I. INTRODUCTION
When Koichi Kitazawa and Paul Chu independently announced confirmation of the high temperature superconductivity phenomena at the Materials Research Society Conference on December 4, 1986, they ignited the international development of a new field. It was an unanticipated and a major breakthrough which offered an array of possibilities and questions to be answered. How high would the temperature go? Could these materials be processed into useful devices? What was the cause of the phenomena?
For science, the discovery posed a challenge to well established theories of the mechanisms of superconductivity. Accepted theories did not predict this phenomena and did not provide a guide of how to proceed. For the industry, and for consumers, the discovery offered new hope for the possibility that superconductors might yet come into widespread common use, affecting a wide range of activities ranging from vehicle transportation, to energy conversion and storage, to information processing, to medical and material diagnostics.

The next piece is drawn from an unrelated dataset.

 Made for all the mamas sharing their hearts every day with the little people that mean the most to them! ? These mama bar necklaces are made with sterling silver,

The sudden emergence of high temperature superconductivity provides an opportunity to examine the response of public and private institutions to a major unexpected breakthrough which at least for a brief time captured the attention of scientists, industrialisits, and policymakers. It provides a chance to see how policies take shape as various arms of the bureaucracy vie for a role in its development, and as various firms and laboratories move to position themselves in the industry. And it provides a chance to view the use of cooperative R&D as institutions move to strengthen themselves quickly in this area.

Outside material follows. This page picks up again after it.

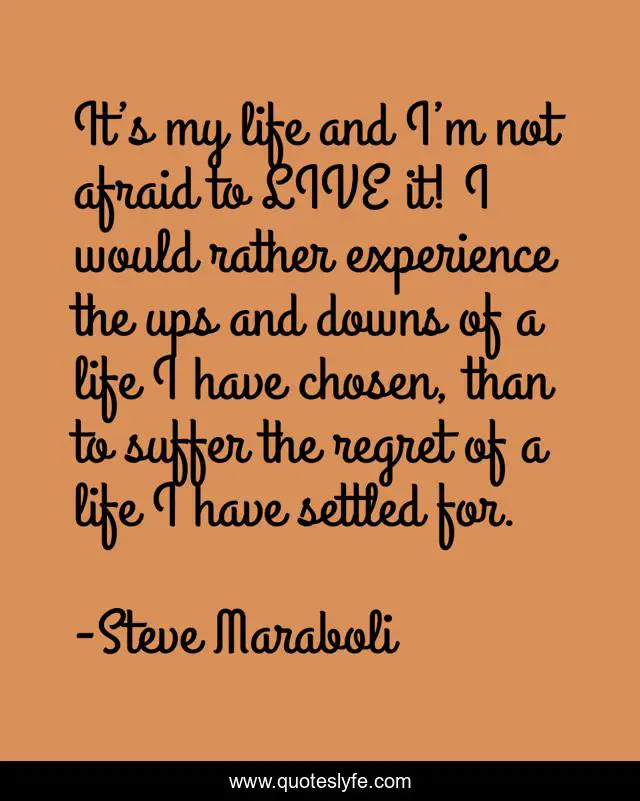 This page presents the quote "It’s my life and I’m not afraid to LIVE it! I would rather experience the ups and downs of a life I have chosen, than to suffer the regret of a life I have settled for.". Author of this quote is Steve Maraboli. This quote is about life, regret, success, motivation, truth, inspiration,.

High temperature superconductivity did not, however, occur in a technological vacuum as there did exist an established superconductivity industry in Japan which had developed over the previous 20 years. It was an industry which was reared over a history of large engineering projects, and is a history which is itself revealing of the uses of consortia for technology development.
In this chapter I will be examining the role of government policy in support of innovation and the role of R&D alliances through research and development projects in both high temperature and traditional low temperature superconductivity.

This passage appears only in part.